## Data excerpt
——————————

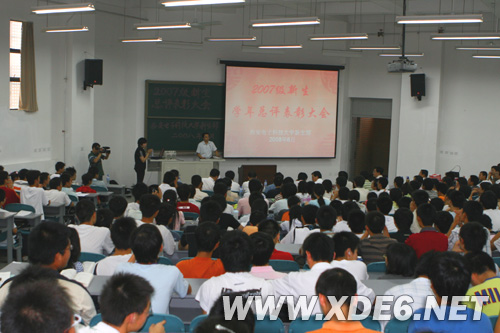 6月19日下午,2007級新生學年總結暨表彰大會在新校區D-211教室隆重召開。此次大會共表彰先進班集體、優良學風班各10個,學習標兵宿舍、文明宿舍共200個,獲各種榮譽稱號學生1342名。校黨委副書記龍建成教授出席會議并講話。 新生部主任梁瑋做了2007年新生部工作報告。報告簡要回顧了新生部在學風建設、心理健康、習慣養成等各項工作中所取得的成績。學生工作處副處長徐克代表學校宣讀了獎學金、先進班集體、優良學風班和學習標兵宿舍的獎勵決定,新生部副主任陳武宣讀了新生榮譽稱號、文明宿舍和新生活動先進個人的表彰決定。
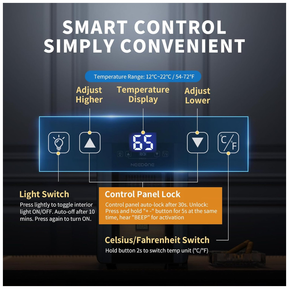 Integração Semi-Heat & Cool: Combina perfeitamente refrigeração e aquecimento, adaptando-se a cada estação. Mantém as temperaturas com precisão dentro de 12,2-22,2°C (±0,5°C). Alternância fácil entre Fahrenheit e Celsius, adicionando funcionalidade amigável. Alcance a temperatura ideal para envelhecer e amadurecer sua coleção com precisão.
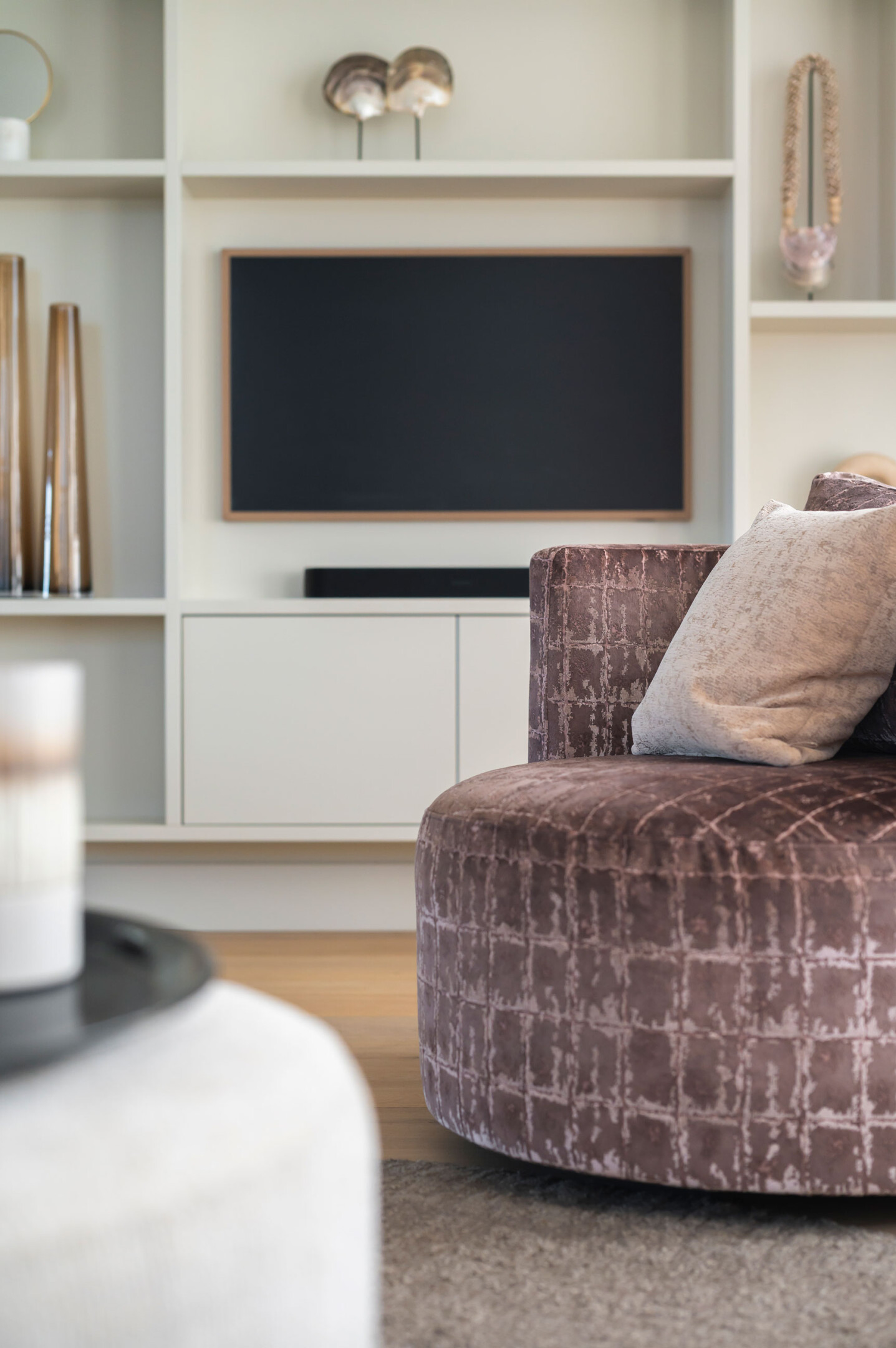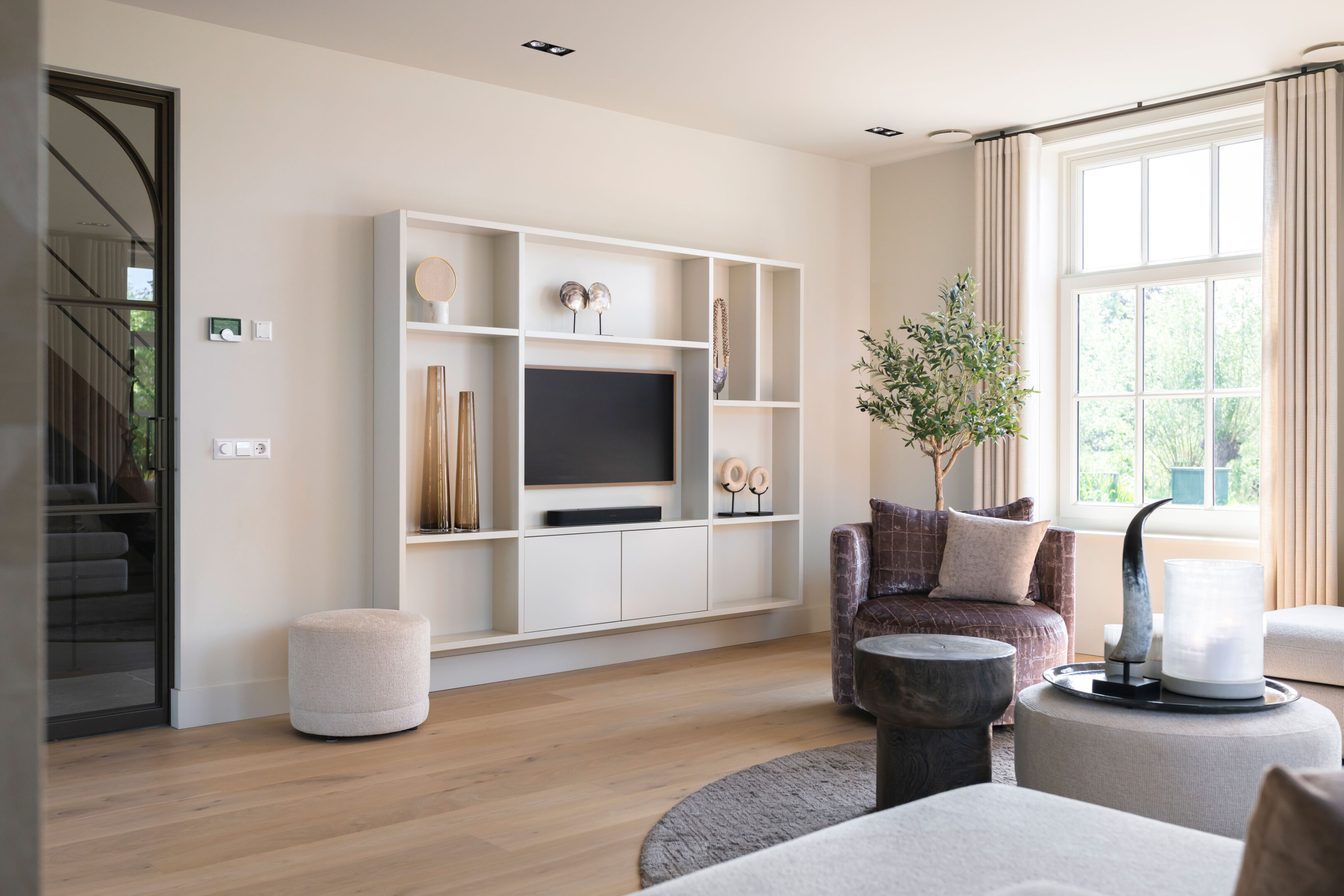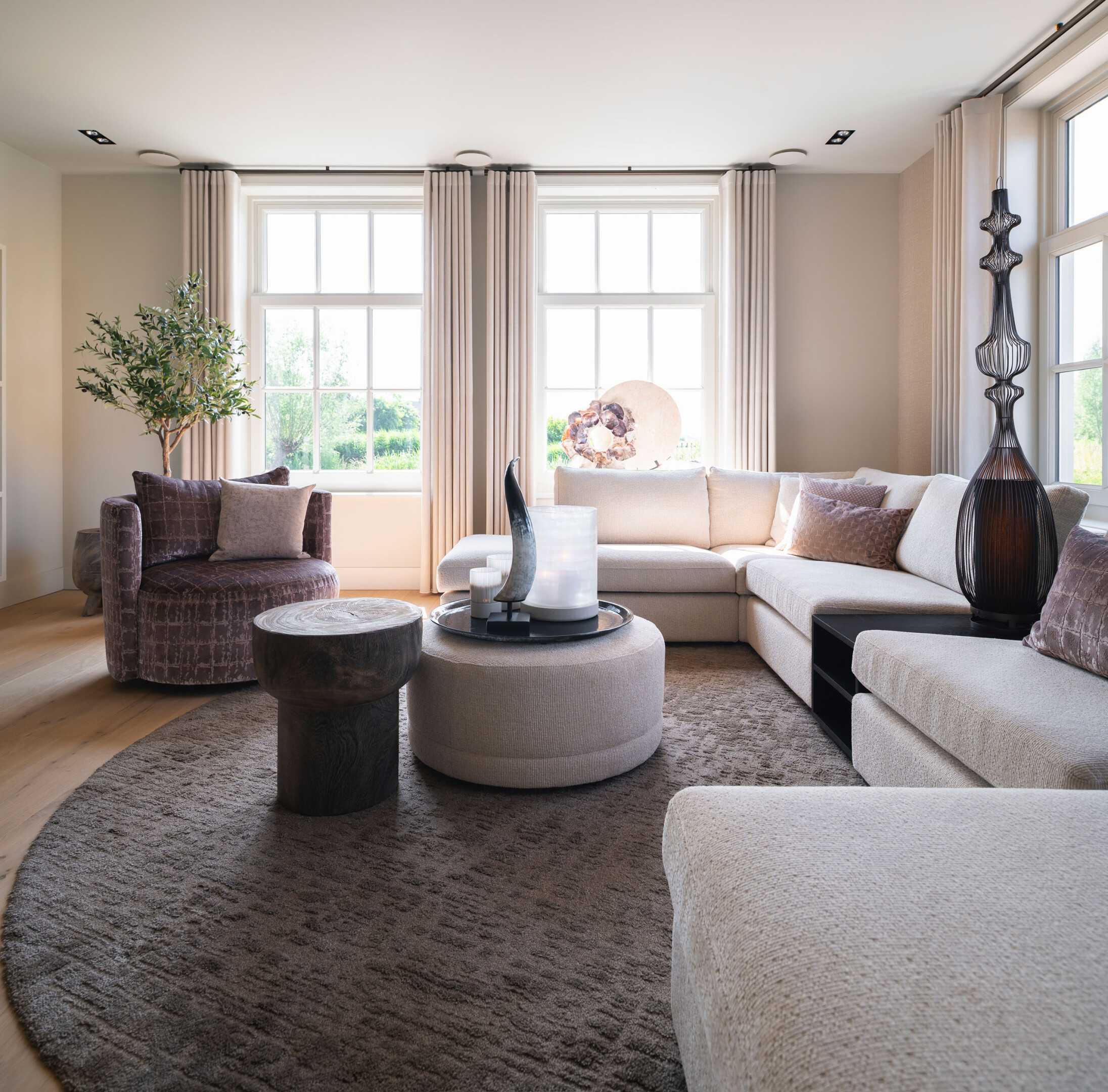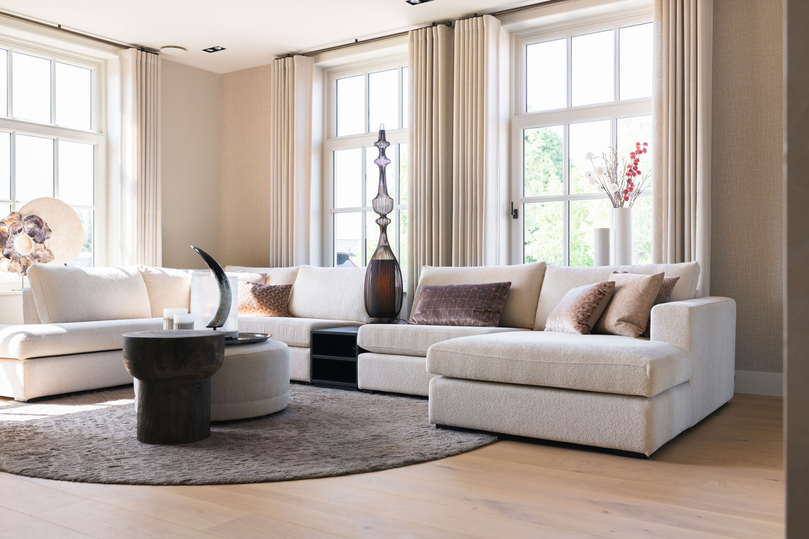 De landelijke bank die ze als eerste zagen, vormt het vertrekpunt. Vanuit daar maken Berthun en Julianne een plan voor de hele woning: vloeren, gordijnen, behang én een lichtplan. “Het 3D-ontwerp hielp ons enorm. Zo konden we ons huis al beleven terwijl de bouw nog volop bezig was. Dat gaf veel vertrouwen.”

——————————

## Work to be completed
Take the material above and set it down exactly, minus the images.

## Reply to the exercise
 6月19日下午,2007級新生學年總結暨表彰大會在新校區D-211教室隆重召開。此次大會共表彰先進班集體、優良學風班各10個,學習標兵宿舍、文明宿舍共200個,獲各種榮譽稱號學生1342名。校黨委副書記龍建成教授出席會議并講話。 新生部主任梁瑋做了2007年新生部工作報告。報告簡要回顧了新生部在學風建設、心理健康、習慣養成等各項工作中所取得的成績。學生工作處副處長徐克代表學校宣讀了獎學金、先進班集體、優良學風班和學習標兵宿舍的獎勵決定,新生部副主任陳武宣讀了新生榮譽稱號、文明宿舍和新生活動先進個人的表彰決定。
 Integração Semi-Heat & Cool: Combina perfeitamente refrigeração e aquecimento, adaptando-se a cada estação. Mantém as temperaturas com precisão dentro de 12,2-22,2°C (±0,5°C). Alternância fácil entre Fahrenheit e Celsius, adicionando funcionalidade amigável. Alcance a temperatura ideal para envelhecer e amadurecer sua coleção com precisão.
 De landelijke bank die ze als eerste zagen, vormt het vertrekpunt. Vanuit daar maken Berthun en Julianne een plan voor de hele woning: vloeren, gordijnen, behang én een lichtplan. “Het 3D-ontwerp hielp ons enorm. Zo konden we ons huis al beleven terwijl de bouw nog volop bezig was. Dat gaf veel vertrouwen.”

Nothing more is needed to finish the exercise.